Change Management Steps to Ensure Systems Remain Controlled and Validated
Step 1 – Assess the Change Request
This includes assessing whether the change request is clear and whether the requirements and objectives of the change are well-defined. It’s also important to assess whether the change request is justified, i.e. is it worth doing given the impact it could have on the already validated system.
Step 2 – Assess the Impact
You then need to assess the impact the change is likely to have on the controlled system. Often this involves conducting a risk assessment. A risk assessment will help to identify the parts of the system that require re-validation and new testing.
Step 3 – Document the Expected Outcomes
The risk assessment and analysis of the impact of the change will produce a set of expected outcomes. You should document these outcomes as part of the change management process.
Step 4 – Implement the Change in a Safe Environment
This could be a sandbox environment on a computer system, for example. If the change is being made to a manufacturing process, machine, or piece of equipment, the safe environment could be a digital twin. The safe environment could also be on a physical machine or manufacturing process while production is shut down.
Step 5 – Testing
Test the changes you have made and their impact on the system in the safe environment. This testing should be measured against the expected outcomes documented earlier. The results of the tests should be also be documented.

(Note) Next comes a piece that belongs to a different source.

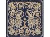 Платок «Русское золотное шитьё» посвящён драгоценному старинному русскому рукоделию. Дошедшие до нас памятники шитья, выполненные русскими мастерицами, являются произведениями высокой культуры. В изделиях сочетаются талант художника и тонкий вкус, духовное богатство, исполнительское мастерство вышивальщиц. В центре композиции излюбленный сюжет традиционного русского орнамента - царственные павлины. Они горделиво восседают в обрамлении из фантастических цветов и виноградных лоз. Павлин в русской культуре — это жар-птица, которая несет в себе солнечную энергию развития, поэтому это птица семейного счастья. Они всегда рассаживаются на свадебных рушниках. Павлин за красоту своих перьев стал символом расцвета, молодости. Про стройную, красиво одетую девушку говорят: «Будто пава плывет». Мы старались воссоздать в рисунке сложную фактуру древнего промысла, придав золотошвейному искусству новую форму. Желаем всем обладательницам платка «Русское золотное шитьё» наполниться энергией и тёплом посланий предков. А изысканная цветовая гамма платка сделает этот аксессуар незаменимым в гардеробе любой леди, неравнодушной к современной моде. Дизайн: Нина Ручкина, Наталия Александрова.

Step 6 – Implement the Changes in the Live Environment
Once you are happy with the results of testing in the safe environment, you can move to implementation in the live environment.
Step 7 – Testing and Re-Validation
Further testing and re-validation should take place with full records kept of all tests and test results.
Step 8 – Update Validation Documentation
The change you have implemented is likely to have made the existing validation documents out-of-date. You need to update these documents with the new information, specifications, processes, etc.
Step 9 – Train Users
Finally, it may be important to re-train users on how the changes implemented will affect them.
The Change Management Process
Ensuring your systems are validated during periods of change, however minor the change, requires careful planning and proper change management. This ensures ongoing regulatory compliance and makes the overall process more efficient.